The seed of this bug was planted when the H.264 codec was introduced in 2003. A refactoring in 2010 turned it into an exploitable weakness.

For 16 years since, automated fuzzers executed 5 million runs on this line of code and never triggered it.

FreeBSD NFS: 17-Year-Old Bug, Fully Autonomous Root Access

This is the case that sends chills down your spine.

Mythos Preview completely autonomously discovered and exploited a 17-year-old remote code execution vulnerability in the FreeBSD NFS server (CVE-2026-4747).

"Completely autonomous" means that after the initial prompt, no human participated in any part of the discovery or exploit development.

An attacker can gain full root privileges on a target server from anywhere on the internet, starting as an unauthenticated user.

The problem itself is a stack buffer overflow. The NFS server copies attacker-controlled data directly into a 128-byte stack buffer when processing authentication requests, with a length check allowing up to 400 bytes.

FreeBSD kernels are compiled with -fstack-protector, but this option only protects functions containing char arrays. Here the buffer is declared as int32_t[32], so the compiler doesn't insert a stack canary. FreeBSD also doesn't do kernel address space randomization.

The complete ROP chain exceeds 1,000 bytes, but the stack overflow only provides 200 bytes of space. Mythos Preview's solution is to split the attack into 6 consecutive RPC requests. The first 5 write data into kernel memory in chunks, and the 6th triggers the final call, appending the attacker's SSH public key to /root/.ssh/authorized_keys.

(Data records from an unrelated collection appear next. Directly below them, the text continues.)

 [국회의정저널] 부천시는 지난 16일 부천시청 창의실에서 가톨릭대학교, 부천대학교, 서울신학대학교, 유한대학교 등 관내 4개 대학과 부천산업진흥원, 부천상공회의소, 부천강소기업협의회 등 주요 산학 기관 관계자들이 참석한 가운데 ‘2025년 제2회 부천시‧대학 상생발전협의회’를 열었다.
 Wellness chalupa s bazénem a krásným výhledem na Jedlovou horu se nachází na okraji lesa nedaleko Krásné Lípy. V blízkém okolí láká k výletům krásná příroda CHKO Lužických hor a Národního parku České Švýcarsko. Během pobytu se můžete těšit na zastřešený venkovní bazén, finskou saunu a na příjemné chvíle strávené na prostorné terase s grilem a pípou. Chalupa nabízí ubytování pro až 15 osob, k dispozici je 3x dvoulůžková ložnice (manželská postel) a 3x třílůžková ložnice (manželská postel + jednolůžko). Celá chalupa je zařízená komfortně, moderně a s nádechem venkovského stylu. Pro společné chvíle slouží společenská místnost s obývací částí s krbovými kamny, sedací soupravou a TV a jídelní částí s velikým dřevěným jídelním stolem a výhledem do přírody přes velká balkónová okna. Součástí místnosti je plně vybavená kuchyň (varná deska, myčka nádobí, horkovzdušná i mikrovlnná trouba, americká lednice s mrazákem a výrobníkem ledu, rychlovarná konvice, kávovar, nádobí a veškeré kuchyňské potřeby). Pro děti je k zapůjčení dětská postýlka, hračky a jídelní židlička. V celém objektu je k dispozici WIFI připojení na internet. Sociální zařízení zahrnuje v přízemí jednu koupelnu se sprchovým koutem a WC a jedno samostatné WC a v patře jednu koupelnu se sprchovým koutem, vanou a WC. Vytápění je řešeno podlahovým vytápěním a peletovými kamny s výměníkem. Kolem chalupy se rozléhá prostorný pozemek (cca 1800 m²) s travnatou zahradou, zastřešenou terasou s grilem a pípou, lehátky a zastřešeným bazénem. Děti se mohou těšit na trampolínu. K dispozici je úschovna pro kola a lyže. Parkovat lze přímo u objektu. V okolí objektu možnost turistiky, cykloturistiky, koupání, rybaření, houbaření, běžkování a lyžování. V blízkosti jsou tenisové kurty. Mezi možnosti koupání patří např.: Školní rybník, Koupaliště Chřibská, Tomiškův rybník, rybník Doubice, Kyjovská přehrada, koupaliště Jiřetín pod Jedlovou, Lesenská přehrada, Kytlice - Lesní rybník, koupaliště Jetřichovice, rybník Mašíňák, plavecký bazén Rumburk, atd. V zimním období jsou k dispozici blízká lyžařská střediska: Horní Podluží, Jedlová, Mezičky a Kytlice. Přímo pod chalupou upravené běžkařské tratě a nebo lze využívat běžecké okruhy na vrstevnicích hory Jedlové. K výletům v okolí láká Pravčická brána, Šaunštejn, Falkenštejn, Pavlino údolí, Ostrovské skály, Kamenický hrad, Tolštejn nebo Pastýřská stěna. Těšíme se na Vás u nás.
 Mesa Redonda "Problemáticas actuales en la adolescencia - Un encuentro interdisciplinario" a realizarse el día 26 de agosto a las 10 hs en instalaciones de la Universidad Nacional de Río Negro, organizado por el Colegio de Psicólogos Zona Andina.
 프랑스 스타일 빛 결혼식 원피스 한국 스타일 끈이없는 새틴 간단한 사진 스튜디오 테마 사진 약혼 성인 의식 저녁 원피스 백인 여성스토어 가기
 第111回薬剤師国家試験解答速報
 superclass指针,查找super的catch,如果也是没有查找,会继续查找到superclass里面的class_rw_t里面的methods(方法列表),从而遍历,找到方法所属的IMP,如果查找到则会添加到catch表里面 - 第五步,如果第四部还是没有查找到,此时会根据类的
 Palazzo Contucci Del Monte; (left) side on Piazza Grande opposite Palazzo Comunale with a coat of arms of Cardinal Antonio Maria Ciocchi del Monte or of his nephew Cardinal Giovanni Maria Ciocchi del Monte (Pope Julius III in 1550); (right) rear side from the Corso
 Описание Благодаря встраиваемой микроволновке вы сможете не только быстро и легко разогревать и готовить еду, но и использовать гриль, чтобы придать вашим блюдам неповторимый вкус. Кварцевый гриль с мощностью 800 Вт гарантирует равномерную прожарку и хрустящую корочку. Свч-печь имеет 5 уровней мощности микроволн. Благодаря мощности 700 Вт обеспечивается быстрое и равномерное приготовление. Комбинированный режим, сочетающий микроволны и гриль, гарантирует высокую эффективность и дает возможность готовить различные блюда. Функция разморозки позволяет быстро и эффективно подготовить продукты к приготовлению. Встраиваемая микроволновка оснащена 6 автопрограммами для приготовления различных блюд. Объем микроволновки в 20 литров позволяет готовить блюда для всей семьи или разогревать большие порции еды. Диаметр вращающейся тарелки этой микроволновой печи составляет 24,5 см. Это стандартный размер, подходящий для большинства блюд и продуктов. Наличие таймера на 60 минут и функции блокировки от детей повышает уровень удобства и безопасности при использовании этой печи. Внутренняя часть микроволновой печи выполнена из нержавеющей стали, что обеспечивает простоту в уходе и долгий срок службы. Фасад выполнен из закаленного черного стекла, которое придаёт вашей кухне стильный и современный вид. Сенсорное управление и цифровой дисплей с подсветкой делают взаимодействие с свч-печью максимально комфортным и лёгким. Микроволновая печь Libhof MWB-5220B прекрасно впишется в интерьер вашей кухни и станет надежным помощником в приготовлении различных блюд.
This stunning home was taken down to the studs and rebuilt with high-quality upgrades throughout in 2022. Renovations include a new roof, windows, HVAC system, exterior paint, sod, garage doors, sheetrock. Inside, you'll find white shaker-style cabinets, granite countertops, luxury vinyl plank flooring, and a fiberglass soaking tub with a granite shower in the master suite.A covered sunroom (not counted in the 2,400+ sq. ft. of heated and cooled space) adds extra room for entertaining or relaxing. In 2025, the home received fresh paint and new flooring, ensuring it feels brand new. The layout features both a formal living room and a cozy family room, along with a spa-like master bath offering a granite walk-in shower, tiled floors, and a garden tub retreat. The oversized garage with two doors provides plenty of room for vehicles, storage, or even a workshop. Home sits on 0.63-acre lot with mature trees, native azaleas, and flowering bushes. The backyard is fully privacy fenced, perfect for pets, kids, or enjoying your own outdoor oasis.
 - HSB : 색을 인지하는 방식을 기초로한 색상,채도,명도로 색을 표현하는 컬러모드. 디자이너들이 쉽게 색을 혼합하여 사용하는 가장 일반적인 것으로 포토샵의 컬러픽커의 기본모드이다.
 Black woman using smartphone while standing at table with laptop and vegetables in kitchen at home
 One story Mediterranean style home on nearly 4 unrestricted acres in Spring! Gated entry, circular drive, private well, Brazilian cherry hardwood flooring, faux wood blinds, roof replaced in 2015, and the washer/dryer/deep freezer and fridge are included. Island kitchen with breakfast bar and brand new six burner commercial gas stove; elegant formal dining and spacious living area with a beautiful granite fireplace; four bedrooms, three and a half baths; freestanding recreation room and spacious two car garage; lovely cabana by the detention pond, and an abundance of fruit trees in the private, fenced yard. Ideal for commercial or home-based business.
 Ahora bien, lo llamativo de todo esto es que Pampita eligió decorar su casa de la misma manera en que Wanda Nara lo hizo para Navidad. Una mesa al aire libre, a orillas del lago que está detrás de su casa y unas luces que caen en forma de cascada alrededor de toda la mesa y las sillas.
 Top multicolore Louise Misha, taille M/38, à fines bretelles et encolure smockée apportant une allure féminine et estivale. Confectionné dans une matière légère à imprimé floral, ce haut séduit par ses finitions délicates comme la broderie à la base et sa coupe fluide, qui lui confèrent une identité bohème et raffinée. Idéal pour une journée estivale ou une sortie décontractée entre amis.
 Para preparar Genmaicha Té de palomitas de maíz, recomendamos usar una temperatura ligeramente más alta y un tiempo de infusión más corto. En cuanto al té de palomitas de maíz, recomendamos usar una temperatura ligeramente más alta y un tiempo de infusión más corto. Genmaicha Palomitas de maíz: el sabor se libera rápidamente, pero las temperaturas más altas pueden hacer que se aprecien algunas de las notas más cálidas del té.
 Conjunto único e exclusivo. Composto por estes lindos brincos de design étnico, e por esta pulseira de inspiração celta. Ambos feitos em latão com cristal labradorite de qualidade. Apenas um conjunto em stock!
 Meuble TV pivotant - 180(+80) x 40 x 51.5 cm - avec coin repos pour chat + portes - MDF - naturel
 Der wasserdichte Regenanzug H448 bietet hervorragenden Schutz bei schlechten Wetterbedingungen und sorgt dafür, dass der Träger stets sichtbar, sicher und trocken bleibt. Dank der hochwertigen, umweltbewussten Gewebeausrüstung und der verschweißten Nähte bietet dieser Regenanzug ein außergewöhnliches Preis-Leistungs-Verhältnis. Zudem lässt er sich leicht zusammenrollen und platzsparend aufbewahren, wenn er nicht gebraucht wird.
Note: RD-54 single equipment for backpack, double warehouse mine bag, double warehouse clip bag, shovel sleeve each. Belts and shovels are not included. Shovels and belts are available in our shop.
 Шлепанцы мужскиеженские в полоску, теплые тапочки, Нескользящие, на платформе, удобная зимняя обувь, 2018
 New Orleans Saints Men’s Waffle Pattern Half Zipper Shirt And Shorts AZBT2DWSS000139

In contrast, an independent security research firm previously proved Opus 4.6 could also exploit the same weakness, but required human guidance. Mythos Preview did not.

Beyond these three fixed cases, Anthropic's blog also previewed numerous yet-to-be-fixed vulnerabilities in the form of SHA-3 hash commitments, covering every mainstream operating system and every mainstream browser, as well as multiple encryption libraries.

Over 99% have not yet been fixed, so details cannot be disclosed.

The red team blog also demonstrated another stunning test. They gave Mythos Preview a list of 100 known CVEs, asked it to filter out the 40 that were exploitable, and then write privilege escalation exploits for each. The success rate was over half. Two cases were disclosed in detail, with exploits so sophisticated that Anthropic's own security team spent several days fully understanding them.

One exploit started from a 1-bit adjacent physical page write primitive. Through precise kernel memory layout manipulation (including slab spraying, page table page alignment, and PTE permission bit flipping), it ultimately overwrote the first page of memory of /usr/bin/passwd, implanting a 168-byte ELF stub that called setuid(0) to gain root.

The entire process cost less than $1,000.

Anthropic engineers said this feels like another GPT-3 moment.

244-Page Chilling Report Stuns Silicon Valley

The alignment evaluation chapter of the 244-page System Card is what's really keeping Anthropic up at night.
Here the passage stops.